Women are less able than men to live without admiration, and have less other work in life than the labour of securing praise.
...the first-class Flirt cares not a pin for scorches. She is the salamander who lives in the fire. Sparks fly round her and she revels in them...
The Flirt's power:
The goal of woman is marriage, and flirting is to girls a means of reaching the goal; in the case of married women it is a pastime, a consolation, or a vengeance...flirting is flattery in action...
The girl smiles...grizzled veterans, whose breasts are covered with medals, nudge each other at her approach; and sundry old ladies, with mortally plain daughters, eye her with that stony stare which, when it is levelled by woman at woman, is as good as purest incense.

And so Murray goes on, with sections on The Flirt who has Plain Sisters; The Ecclesiastical Flirt; Regimental Flirts; The Seaside Flirt (including the one-month-a-year Flirt [who] has a keen eye for the names on the visitors' list of the seaside town to which she resorts); The Studious Flirt - many of whom patrol the British Museum!

Over one hundred pages are devoted to Flirts embedded with those On Her Majesty's Service - whose targets are Attachés, Consuls and Vice-Consuls, Ambassadors and Interpreters.

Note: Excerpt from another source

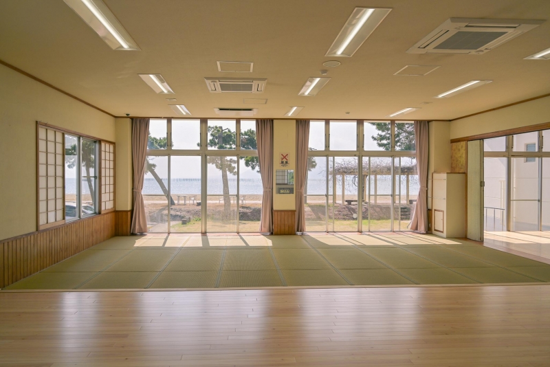 飲食・物販ブース、カヌー艇庫、会議や運動スペース機能等を整備します。また、砂浜側との一体感を出すために砂浜側の壁を取り除いたり、砂浜側にテラスの設置を予定しています。
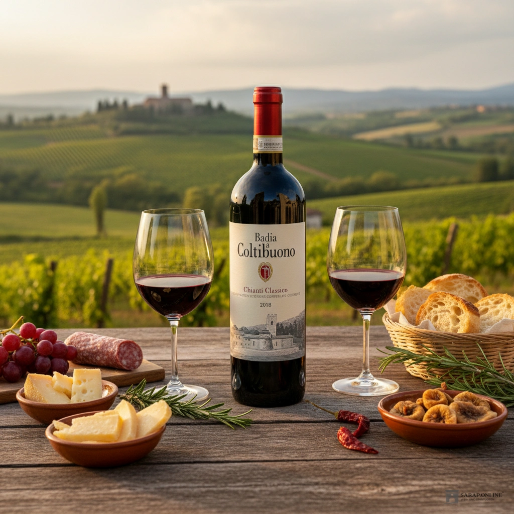 Entdecken Sie den edlen Badia a Coltibuono Chianti Classico, ein herausragender Rotwein aus Italien, der die Essenz seiner Region einfängt. Dieser Wein ist ein Meisterwerk der traditionellen Weinherstellung und wird aus autochthonen Sangiovese und Cannaiolo-Reben hergestellt, die biologisch in der renommierten Cantina Badia a Coltibuono gekeltert werden. Ein echter Genuss für Liebhaber italienischer Weine und Kenner der Chianti Classico Region.

The final section is headed Semi-Detached Wives, where the contents may well have occasioned both most mirth and most anger. Murray begins with the Semi-detached Wife is a lady whose husband exists, but not for her. He may be in prison, or mad, or playing truant...the Semi-detached Wife is an 'acting' widow, but without widow's rank or privileges. Much of the book is very droll and I found myself smirking and mildly chuckling on several occasions. However, to sustain such a myopic Aunt Sally for over 300 pages is really beyond any author, and Murray's shafts become rather repetitive, somewhat tiresome and even bordering on the misogynistic.

The book was much enhanced by the scores of illustrations - redolent of Punch, The Illustrated London News, The Graphic and The Girls' Own Paper. i.e. very nineteenth century.